Taken together, Turkey is feeling increasingly isolated, according to a senior official in its government.

Last month’s basing of a U.S. Navy expeditionary ship at Souda Bay, off the Greek coast, signaled that Turkey was no longer the key U.S. ally in the Eastern Mediterranean, the senior official said.

The Abraham accords brokered this fall by the Trump administration — fostering normalized relationships among Israel and three Arab states, Bahrain, Sudan and the United Arab Emirates — harnessed Middle Eastern countries that are hostile to the Muslim Brotherhood. The Islamist movement is supported by Mr. Erdogan.

The senior Turkish official also described feeling snubbed by Mr. Pompeo’s visits this fall to rivals in Cyprus and Greece, and then his tour of Istanbul with his wife in November instead of going to Ankara to meet with government leaders.

The expected sanctions are sure to hammer Turkey’s already strained economy and may force Mr. Erdogan to pull back from most of his military missions abroad. (One exception would be in neighboring Syria, where Turkey is battling Islamic State militants and American-backed Kurdish fighters; Mr. Erdogan considers both of the groups to be terrorists and is unlikely to retreat.)
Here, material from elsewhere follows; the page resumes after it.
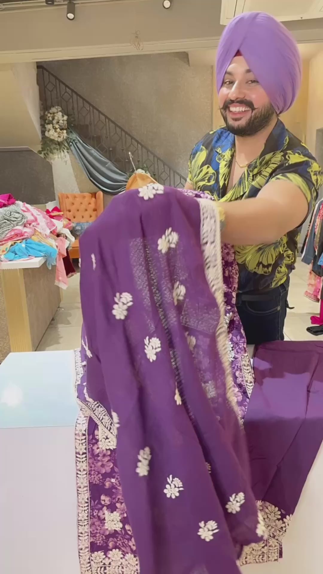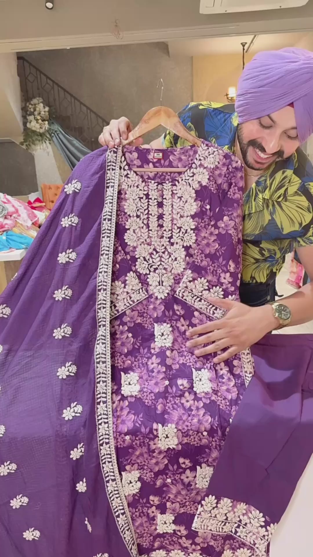 Purple Pure Cotton heavy embroidered Suit with Kota Doria Embroidered Duppata

Experts warn that this could push Turkey into Russia’s arms if Mr. Biden is not careful.

“Relations with Turkey will be a major, urgent question for the Biden administration,” said James F. Jeffrey, a former U.S. ambassador to Turkey and Iraq who retired last month as the State Department’s special envoy for Syria policy and the coalition to defeat the Islamic State.

“Given the country’s size, location, economic and military power, and the pro-Western sentiments of the population — if not its president — does it make sense to sideline Turkey or push it into the Russian camp?” Mr. Jeffrey said.
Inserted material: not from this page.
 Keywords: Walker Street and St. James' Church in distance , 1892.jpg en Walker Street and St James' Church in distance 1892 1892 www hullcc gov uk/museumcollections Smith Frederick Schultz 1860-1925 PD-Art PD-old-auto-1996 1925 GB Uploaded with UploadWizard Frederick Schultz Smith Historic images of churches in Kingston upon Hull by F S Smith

He noted that Turkey and Russia have been on opposite sides in ongoing conflicts in Syria, Libya and Nagorno-Karabakh. It also remains a critical NATO ally in Iraq and Afghanistan, and opposes Iran’s regional advances.

The senior Turkish official described Mr. Erdogan’s interests as ultimately having more in common with the West than with Russia. But, he said, how the Biden administration approaches the dispute over the missile defense systems will be a first test.

It is far from certain a compromise can be struck. But the Turkish official said Mr. Biden’s advisers have indicated in low-level discussions they were open to considering compromises as they are proposed, including convening a NATO working group to look at whether Russia could indeed penetrate Western military systems through the missile defense systems.

A spokesman for Mr. Biden’s transition team declined to comment.

The senior Turkish official also said that Mr. Biden’s advisers have made clear they will engage with Turkey through traditional and technical diplomatic channels — and not rely on the kind of spontaneous and direct lines of communication that marked the relationship between Mr. Trump and Mr. Erdogan.

That was welcome news to the Turks, the senior official said.

Julian E. Barnes contributed reporting.